Immunostaining PGP 9.5 antibody has been demonstrated in a plethora of different mesenchymal neoplasms.
SARS-CoV-2
The Severe Acute Respiratory Syndrome 2 virus (SARS-CoV-2) is a betacoronavirus first isolated in Wuhan, China, in late 2019. The virus has a 29.8 kbp genome, encoding the membrane, envelope, nucleocapsid, and spike glycoprotein. The spike proteins are cleaved by TMPRSS2 serine protease, then the Receptor Binding Domain of the spike protein binds with ACE2 or CD147 to enter the cell.The SARS-CoV-2 virus has been shown to infect the tracheal and lung epithelium, GI tract, and olfactory neuron, brain, bone marrow and possibly other organs. Cough, fever, and trouble breathing are the main symptoms, although GI distress, fatigue, and neurological distress are also common. Severe symptoms are more likely to appear in patients with advanced age and/or preexisting cardiovascular disease or diabetes. The virus has a 2-11 day incubation period and mortality rate around 2.5%. Severe symptoms include diffuse alveolar damage in the lungs, hyaline membrane formation, microthrombi in the lungs, heart, and brain, and extreme inflammation as “cytokine storms” that flood the body with cytokines (elevated 1L1, IL-6, IL-8, and TNFa among others) and immune cells (especially CD4+ and CD8+ T cells and CD68+ and CD163+ Macrophages). This antibody cross-reacts with SARS-CoV nucleocapsid protein, but not with MERS, 229E, or OC43 coronaviruses. |
SOX-2
SRY (sex determining region Y)-box 2, also known as SOX-2, is a transcription factor that is essential for maintaining self-renewal, or pluripotency, of undifferentiated embryonic stem cells. It is required for stem cell maintenance in the central nervous system, and it also regulates gene expression in the stomach.

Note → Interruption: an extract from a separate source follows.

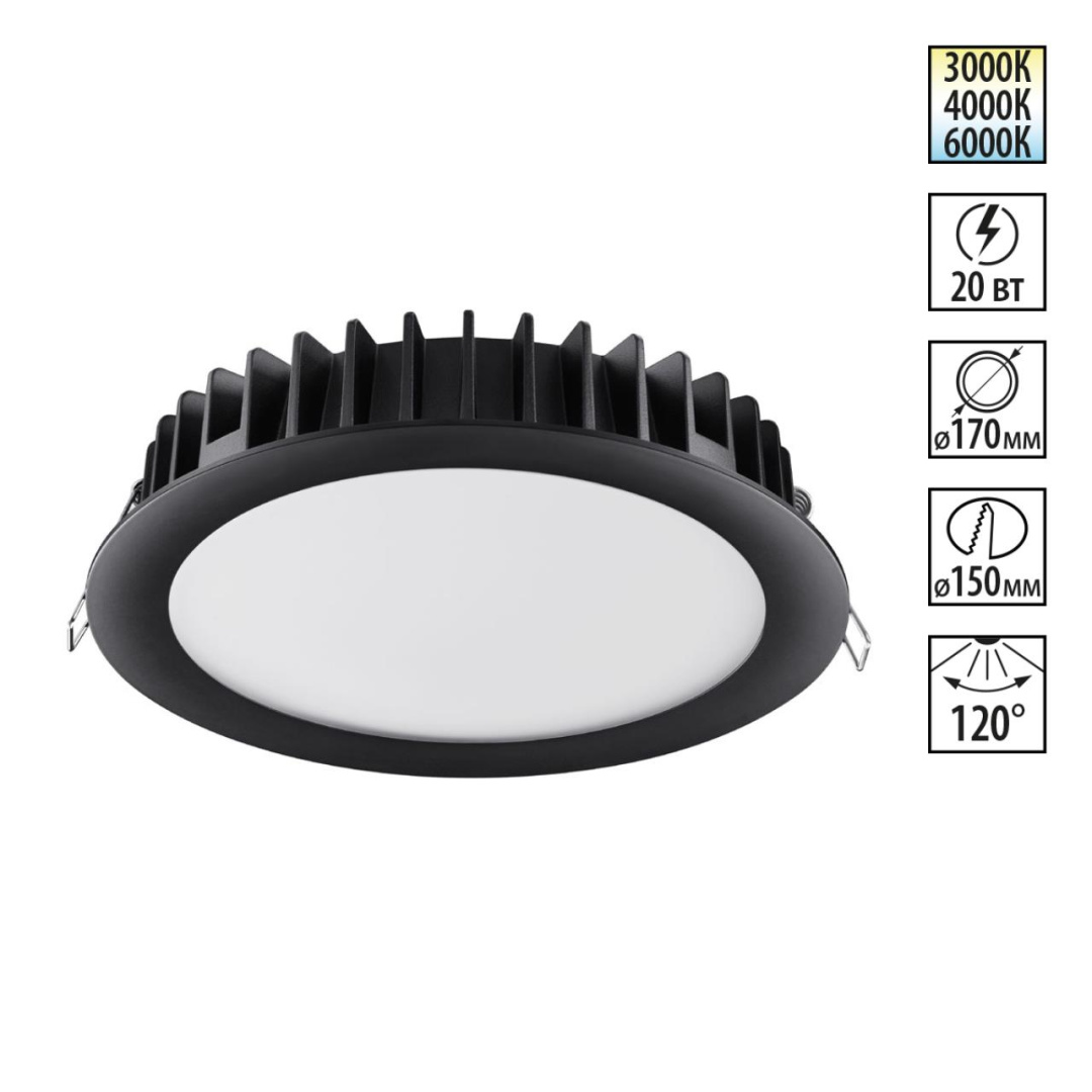 Встраиваемые светодиодные светильники линии LANTE с переключателем цветовой температуры 3000К (теплый белый) -4000К (нейтральный белый) -6000К (холодный белый).
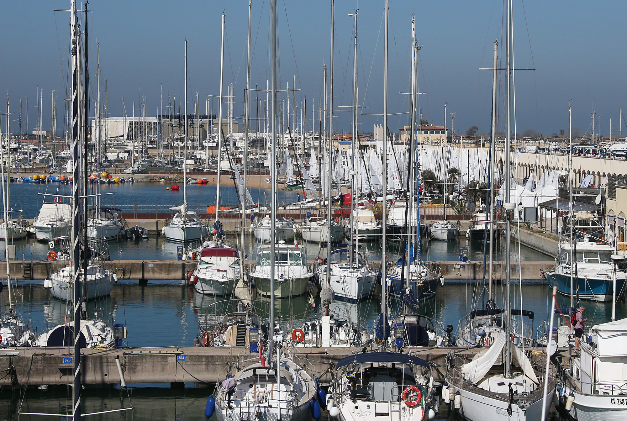 Un sole splendente, un bel cielo azzurro e una brezza tra i 10 e i 12 nodi d’intensità, in leggero calo il pomeriggio, hanno dato il buongiorno ai 300 atleti scesi in acqua a metà mattina per disputare la seconda delle quattro giornate di questo primo evento agonistico del progetto di riqualificazione del Porto Turistico di Roma attraverso lo sport, un accordo siglato a dicembre scorso fra la Federazione Italiana Vela e l’Amministrazione giudiziaria che da luglio 2016 ha in carico la struttura portuale di Ostia. Uno scenario magnifico, con circa 200 vele distribuite lungo cinque campi di regata, molto apprezzato anche dalle numerose persone che nel corso della giornata hanno affollato le banchine del Porto Turistico di Roma, sede logistica dell’evento, prologo della folla attesa nel week end.

SOX-2 antibody is expressed in fetal brain and is used as a marker for multipotential neural stem cells. In tumors, SOX-2 expression is observed in teratoma of the central nervous system, melanoma, testicular germ cell tumor, cervical carcinoma, lung cancer, breast cancer with basal cell phenotype, and squamous cell carcinoma of the gastrointestinal tract. SOX-2 may be useful in the identification of embryonal carcinoma. In stage I lung adenocarcinomas, SOX2 seems to be an independent predictor of poor outcome and may help stratify patients at increased risk for recurrence.
SOX-10
Transcription factor SOX-10 is a member of the SOX (SRY-related HMG-box) family of transcription factors involved in the regulation of embryonic development and in the determination of the cell fate. The encoded protein may act as a transcriptional activator after forming a protein complex with other proteins. This protein acts as a nucleocytoplasmic shuttle protein and is important for neural crest and peripheral nervous system development. Mutations in this gene are associated with Waardenburg-Shah and Waardenburg-Hirschsprung disease. TintoFast SOX-10 has been recently shown to be a sensitive marker of melanoma, including conventional, spindled, and desmoplastic subtypes.
TintoFast SOX-10 is expressed by metastatic melanomas and nodal capsular nevus in sentinel lymph nodes, but not by other lymph node components such as dendritic cells which usually express S100 protein. In scar specimens, immature fibroblasts, epithelioid granulomas, and histiocytic proliferations can histopathologically mimic residual melanoma and even be positive for MiTF and S100. However, SOX-10 is less likely to be expressed by fibroblasts or histiocytes, especially compared to MiTF and S100. Anti-SOX-10 produces a nuclear stain that provides a clean signal that is much sharper and darker in staining quality when compared to the use of antibodies against MiTF and S100.